Supongamos que soy una influencer “feminista”

22 Sep

Lxs invito a pensar en dos palabras: privilegio y empatía.

Les propongo que hablemos de forma clara y sin miedo a incomodar: somos una sociedad racista y clasista. Hemos normalizado prácticas discriminatorias que deben parar porque aunque no nos gusten los pobres, los negros ni los feos y aunque los ignoremos en nuestras redes sociales, por obvias razones, debemos aprender a decir que sí nos gustan porque eso nos hace ver lindas y empáticas y vamos a atraer más campañas con las mejores marcas. Todxs sabemos que no importa ser sino representar y por eso propongo que esta gente sea visibilizada. Amigues: no nos acostumbremos a normalizar la falta de empatía.

Es urgente establecer debates en diferentes espacios sobre racismo, colonialismo, falta de representación de mujeres de barrios marginales, negras e indígenas en los medios, en las universidades, en cargos administrativos y gerenciales. Pensemos en supremacía blanca, colonialismo, invisibilización de personas feas, gordas, sucias y con aliento pestilente por exceso de pobreza y falta de higiene; pensemos en la forma en que practicamos la apropiación cultural de la jerga de los ñeros. Los invito a que nos preguntemos por qué no tenemos amigues ñeros pero nos encanta decir gonorrea, parce, garbimba y severa lámpara.

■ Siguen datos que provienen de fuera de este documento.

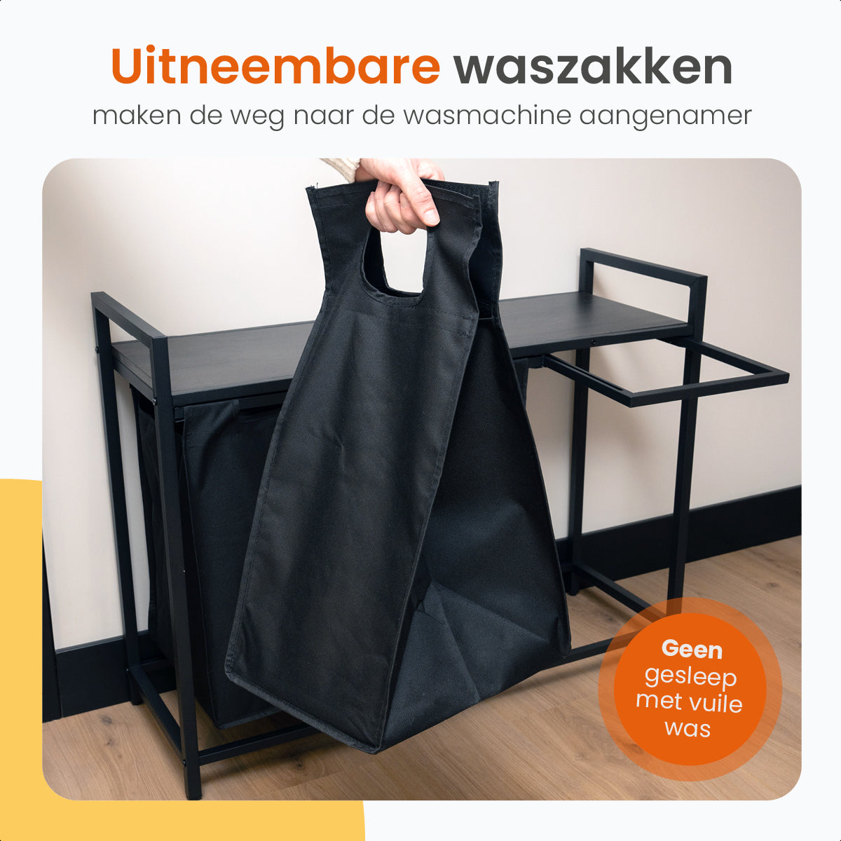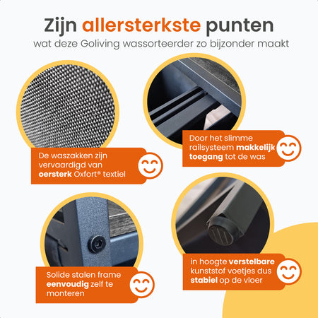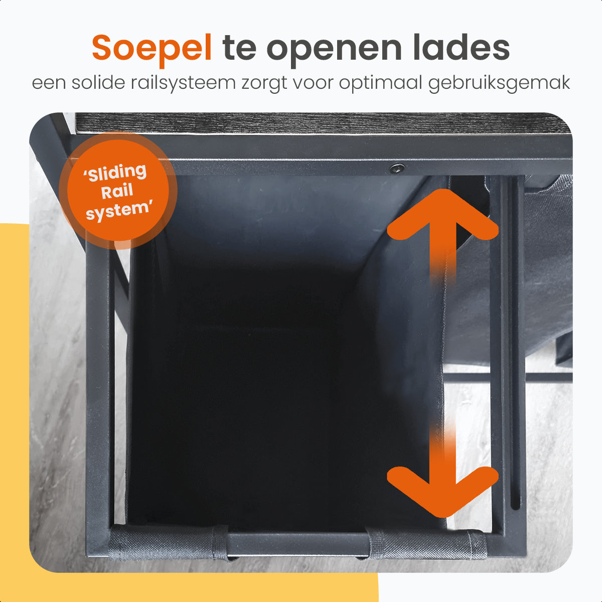 Elke wasmand is voorzien van een zak van Oxfort textiel, wat niet alleen stijlvol is maar ook zorgt voor een onverslijtbare degelijke constructie. Het sliding rail systeem zorgt voor soepele lades die gemakkelijk te openen zijn. De uitneembare waszakken maken het eenvoudig om de was te verzamelen en te transporteren, terwijl de in hoogte verstelbare kunststof voetjes stabiliteit op elke ondergrond garanderen. De wassorteerder biedt niet alleen een praktische oplossing voor het organiseren van je was, maar voegt ook een vleugje stijl toe aan elke wasruimte. Dankzij het eenvoudig reinigbare ontwerp is het onderhoud een fluitje van een cent.

A veces el privilegio (ser blancxs, pertenecer a determinada clase social, no estudiar en el SENA ni en universidades públicas llenas de gente fea y mal vestida, ser una persona cisgénero, etc.) y la falta absoluta de empatía (no nos enseñaron a desarrollarla) no nos dejan ver lo rentable que puede ser para una persona con privilegio como yo defender a esta pobre gente para ganar más seguidores y que me entrevisten en los medios.

Estamos en un momento de mayor conciencia, mayor conexión, mayor posibilidad de escuchar esas voces que han sido históricamente invisibilizadas… ¡Hagámoslo! Reconozcamos esos errores, esos comportamientos racistas y clasistas.

No nos gustaría que la coima que barre el piso de nuestra casa compartiera los mismos lugares ni nuestros gustos, como tampoco nos gustaría que ella usara la misma ropa que usamos nosotras porque ¡qué boleta, en serio, parce! pero les propongo que luchemos para cambiar esa forma de ser y de pensar.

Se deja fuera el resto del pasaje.